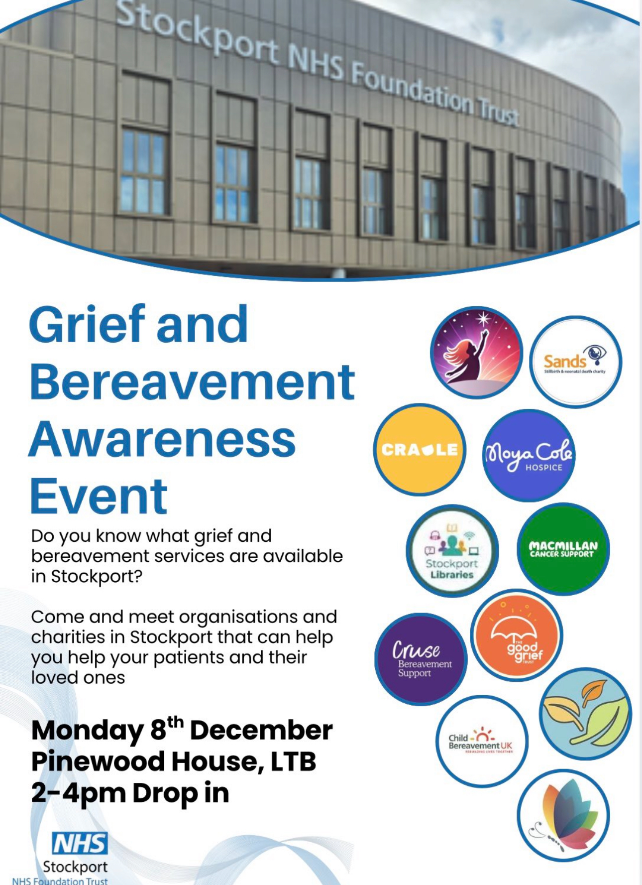 Come and meet organisations and charities in Stockport that can help you help your patients and their loved ones. 2-4pm Drop in.
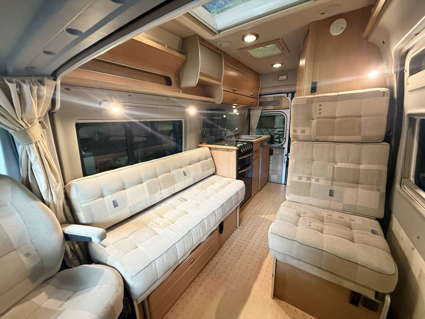 200Auto-Sleeper Symbol Motorhome Peugeot Boxer, 2.2 6-speed Manual – 2 berth, Absolutely lovely clean motorhome, perfect for couples looking to get away in their own isolation. Open the side sliding door and pop out the electric step to enter, where you find the lounge and dining area, you have a side sofa and a forward facing seat with three-point seatbelt, this area converts into either two single beds or can be made into a large double bed in the evening. Large windows and a sunroof flood the lounge with plenty of natural daylight making it light and airy, with upper storage lockers and under-seat storage.
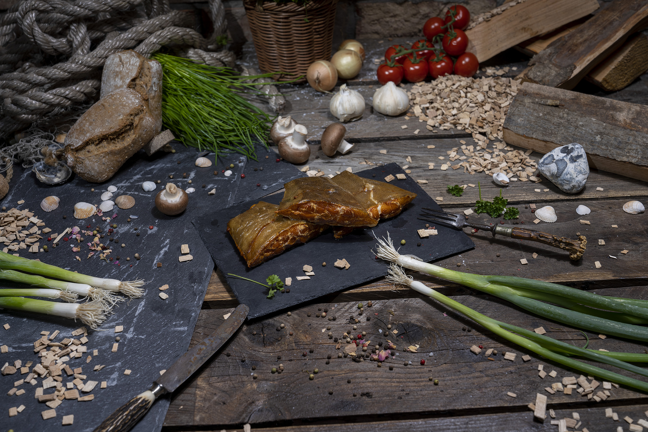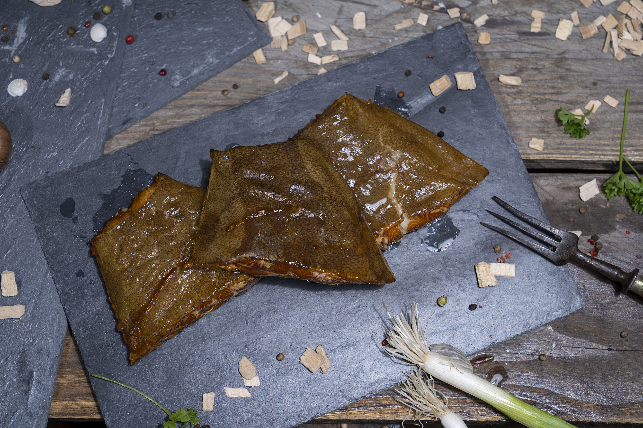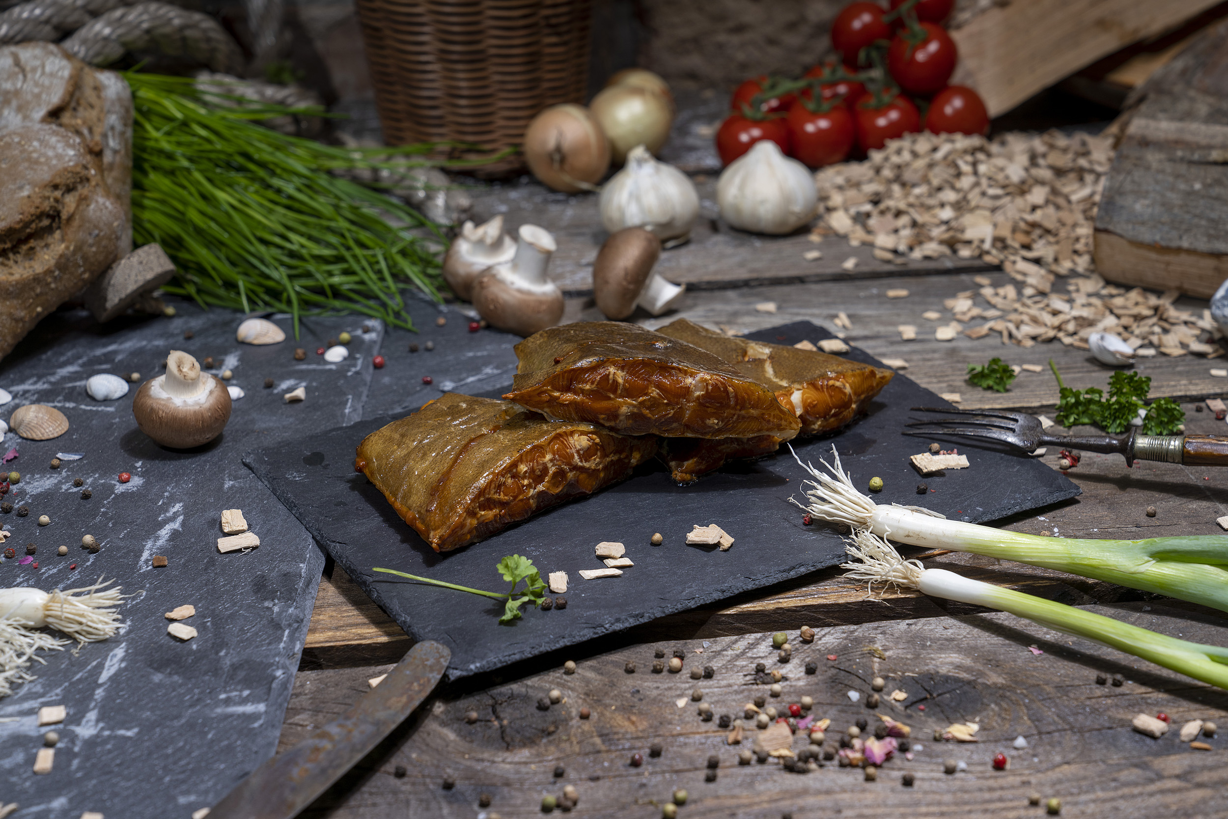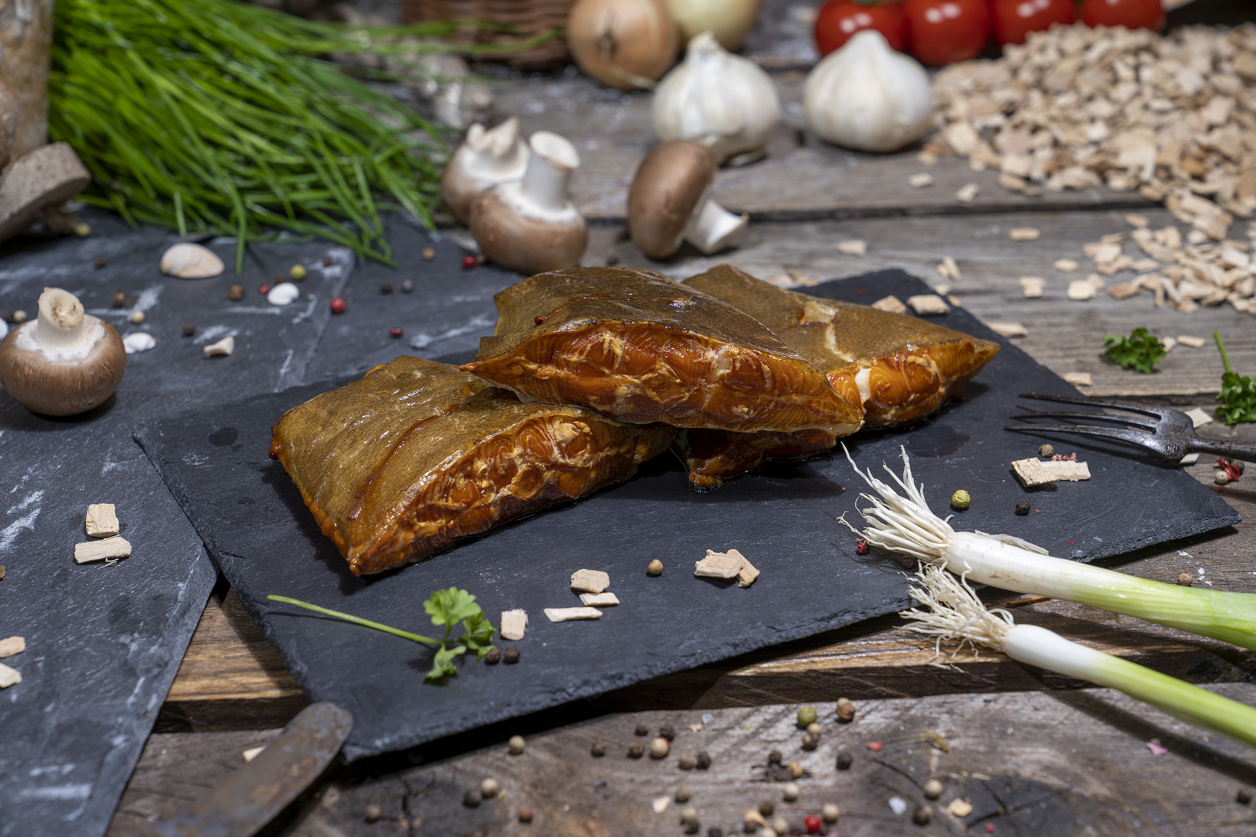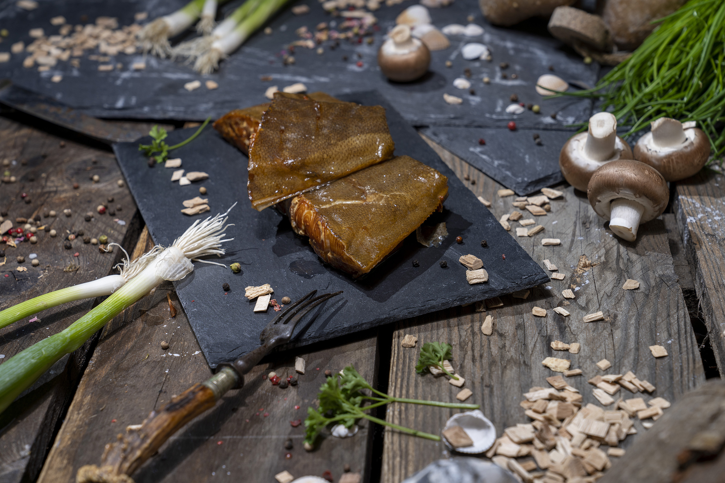 Das Endstück vom Heilbutt wird über ausgesuchten Holzspänen geräuchert. So entsteht ein Produkt mit saftiger Textur, goldener Farbe und einem unverwechselbaren Aroma, das Feinschmecker begeistert.

Task goal:
Once more, please print the whole listing exactly, omitting each image.

Exercise response:
 Come and meet organisations and charities in Stockport that can help you help your patients and their loved ones. 2-4pm Drop in.
 200Auto-Sleeper Symbol Motorhome Peugeot Boxer, 2.2 6-speed Manual – 2 berth, Absolutely lovely clean motorhome, perfect for couples looking to get away in their own isolation. Open the side sliding door and pop out the electric step to enter, where you find the lounge and dining area, you have a side sofa and a forward facing seat with three-point seatbelt, this area converts into either two single beds or can be made into a large double bed in the evening. Large windows and a sunroof flood the lounge with plenty of natural daylight making it light and airy, with upper storage lockers and under-seat storage.
 Das Endstück vom Heilbutt wird über ausgesuchten Holzspänen geräuchert. So entsteht ein Produkt mit saftiger Textur, goldener Farbe und einem unverwechselbaren Aroma, das Feinschmecker begeistert.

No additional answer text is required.